▶ **Exercise goal**
Only certain lines below are wanted: those starting at the line containing "Las 7 áreas" and ending at the line containing "beim Entladen des", both included, each retyped exactly.

▶ **Material for this task**
============

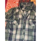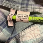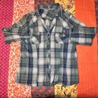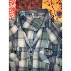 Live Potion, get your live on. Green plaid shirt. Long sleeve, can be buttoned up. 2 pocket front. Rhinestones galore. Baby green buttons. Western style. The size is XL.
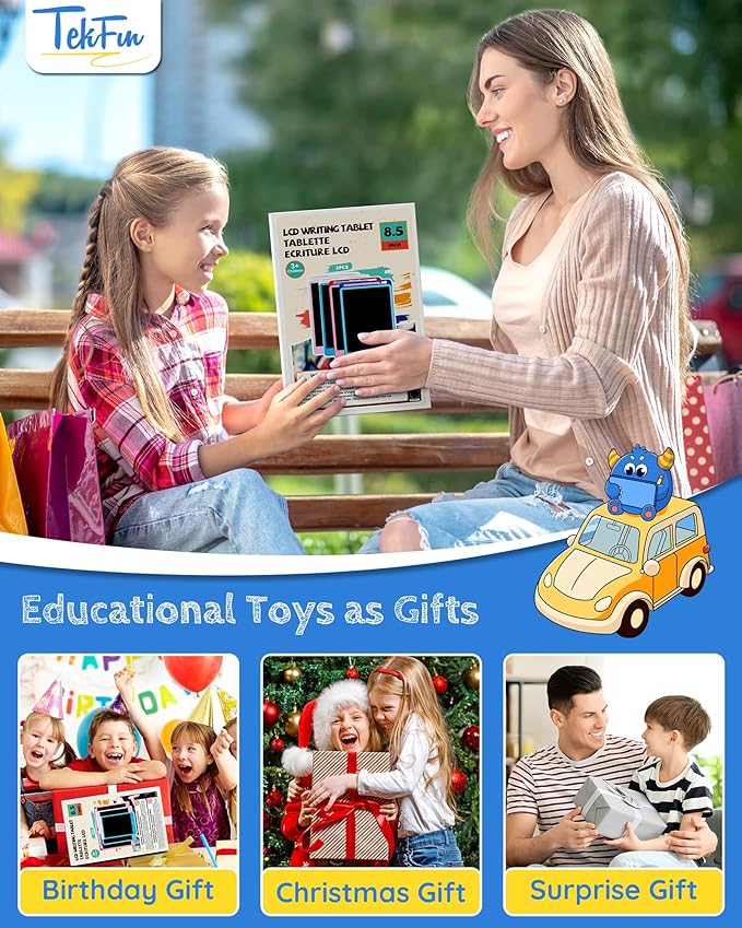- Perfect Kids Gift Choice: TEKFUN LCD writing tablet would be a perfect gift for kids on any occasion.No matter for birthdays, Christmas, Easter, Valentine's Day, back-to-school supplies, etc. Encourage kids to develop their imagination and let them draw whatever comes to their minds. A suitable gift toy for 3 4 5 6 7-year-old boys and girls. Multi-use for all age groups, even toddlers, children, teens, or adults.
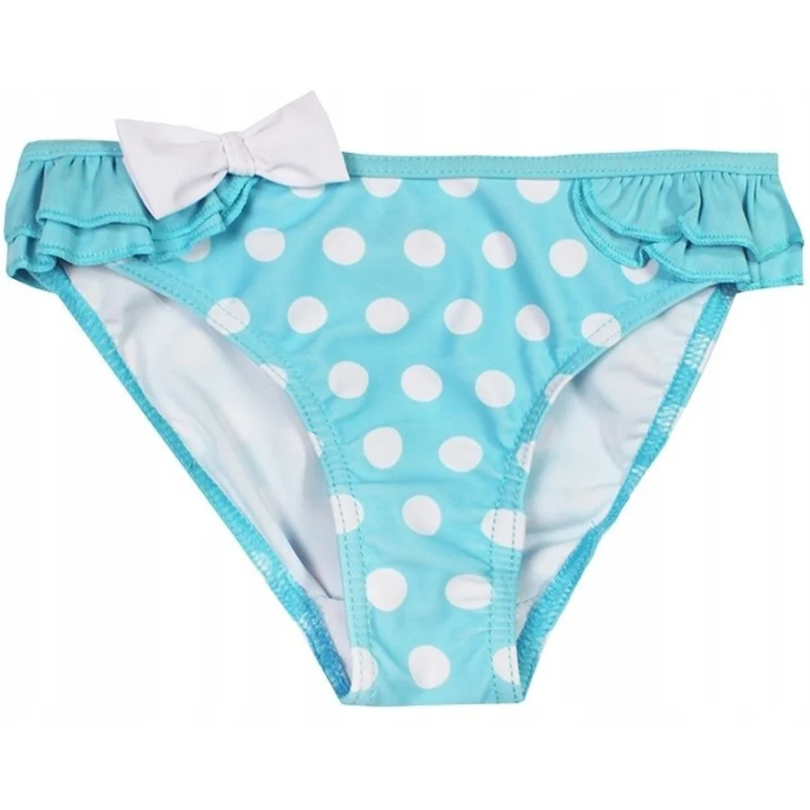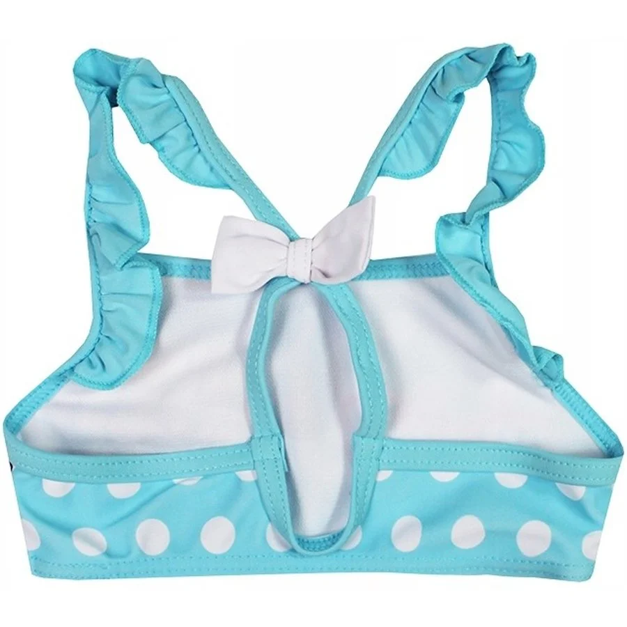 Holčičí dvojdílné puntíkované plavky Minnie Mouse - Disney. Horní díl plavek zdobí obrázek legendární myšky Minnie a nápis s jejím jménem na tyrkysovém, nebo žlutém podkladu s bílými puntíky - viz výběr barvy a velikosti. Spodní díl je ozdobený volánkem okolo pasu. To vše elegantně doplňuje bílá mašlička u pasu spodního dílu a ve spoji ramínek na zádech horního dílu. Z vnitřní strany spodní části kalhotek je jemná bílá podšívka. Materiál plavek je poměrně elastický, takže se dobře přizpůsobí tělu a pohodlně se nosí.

============

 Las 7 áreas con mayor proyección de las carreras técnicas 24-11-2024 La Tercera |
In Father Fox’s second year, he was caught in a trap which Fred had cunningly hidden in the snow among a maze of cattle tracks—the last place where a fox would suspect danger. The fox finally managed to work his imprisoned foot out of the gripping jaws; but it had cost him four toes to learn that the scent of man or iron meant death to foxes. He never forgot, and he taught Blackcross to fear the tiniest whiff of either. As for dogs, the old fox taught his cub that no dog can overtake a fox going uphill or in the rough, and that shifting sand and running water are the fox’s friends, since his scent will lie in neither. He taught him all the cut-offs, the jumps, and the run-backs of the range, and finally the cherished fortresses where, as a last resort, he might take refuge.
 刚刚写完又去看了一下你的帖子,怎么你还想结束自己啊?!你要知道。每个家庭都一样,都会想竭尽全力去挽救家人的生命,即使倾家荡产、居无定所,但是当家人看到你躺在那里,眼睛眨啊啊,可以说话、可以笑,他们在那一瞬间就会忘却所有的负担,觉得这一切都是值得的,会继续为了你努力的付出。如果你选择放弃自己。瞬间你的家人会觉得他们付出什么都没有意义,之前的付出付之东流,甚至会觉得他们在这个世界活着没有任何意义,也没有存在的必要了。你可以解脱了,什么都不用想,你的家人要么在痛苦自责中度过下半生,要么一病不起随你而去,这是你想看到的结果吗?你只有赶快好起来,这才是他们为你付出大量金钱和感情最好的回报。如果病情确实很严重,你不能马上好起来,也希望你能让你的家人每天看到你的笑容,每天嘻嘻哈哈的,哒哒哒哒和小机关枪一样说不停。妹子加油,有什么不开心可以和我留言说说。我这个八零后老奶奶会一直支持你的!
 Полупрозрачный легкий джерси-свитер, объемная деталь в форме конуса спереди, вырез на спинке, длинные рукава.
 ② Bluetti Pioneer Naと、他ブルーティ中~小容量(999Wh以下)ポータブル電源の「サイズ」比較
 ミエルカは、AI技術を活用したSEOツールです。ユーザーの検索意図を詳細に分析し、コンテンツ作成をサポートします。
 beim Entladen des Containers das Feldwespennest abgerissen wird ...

============

▶ **Solution to this problem**
 Las 7 áreas con mayor proyección de las carreras técnicas 24-11-2024 La Tercera |
In Father Fox’s second year, he was caught in a trap which Fred had cunningly hidden in the snow among a maze of cattle tracks—the last place where a fox would suspect danger. The fox finally managed to work his imprisoned foot out of the gripping jaws; but it had cost him four toes to learn that the scent of man or iron meant death to foxes. He never forgot, and he taught Blackcross to fear the tiniest whiff of either. As for dogs, the old fox taught his cub that no dog can overtake a fox going uphill or in the rough, and that shifting sand and running water are the fox’s friends, since his scent will lie in neither. He taught him all the cut-offs, the jumps, and the run-backs of the range, and finally the cherished fortresses where, as a last resort, he might take refuge.
 刚刚写完又去看了一下你的帖子,怎么你还想结束自己啊?!你要知道。每个家庭都一样,都会想竭尽全力去挽救家人的生命,即使倾家荡产、居无定所,但是当家人看到你躺在那里,眼睛眨啊啊,可以说话、可以笑,他们在那一瞬间就会忘却所有的负担,觉得这一切都是值得的,会继续为了你努力的付出。如果你选择放弃自己。瞬间你的家人会觉得他们付出什么都没有意义,之前的付出付之东流,甚至会觉得他们在这个世界活着没有任何意义,也没有存在的必要了。你可以解脱了,什么都不用想,你的家人要么在痛苦自责中度过下半生,要么一病不起随你而去,这是你想看到的结果吗?你只有赶快好起来,这才是他们为你付出大量金钱和感情最好的回报。如果病情确实很严重,你不能马上好起来,也希望你能让你的家人每天看到你的笑容,每天嘻嘻哈哈的,哒哒哒哒和小机关枪一样说不停。妹子加油,有什么不开心可以和我留言说说。我这个八零后老奶奶会一直支持你的!
 Полупрозрачный легкий джерси-свитер, объемная деталь в форме конуса спереди, вырез на спинке, длинные рукава.
 ② Bluetti Pioneer Naと、他ブルーティ中~小容量(999Wh以下)ポータブル電源の「サイズ」比較
 ミエルカは、AI技術を活用したSEOツールです。ユーザーの検索意図を詳細に分析し、コンテンツ作成をサポートします。
 beim Entladen des Containers das Feldwespennest abgerissen wird ...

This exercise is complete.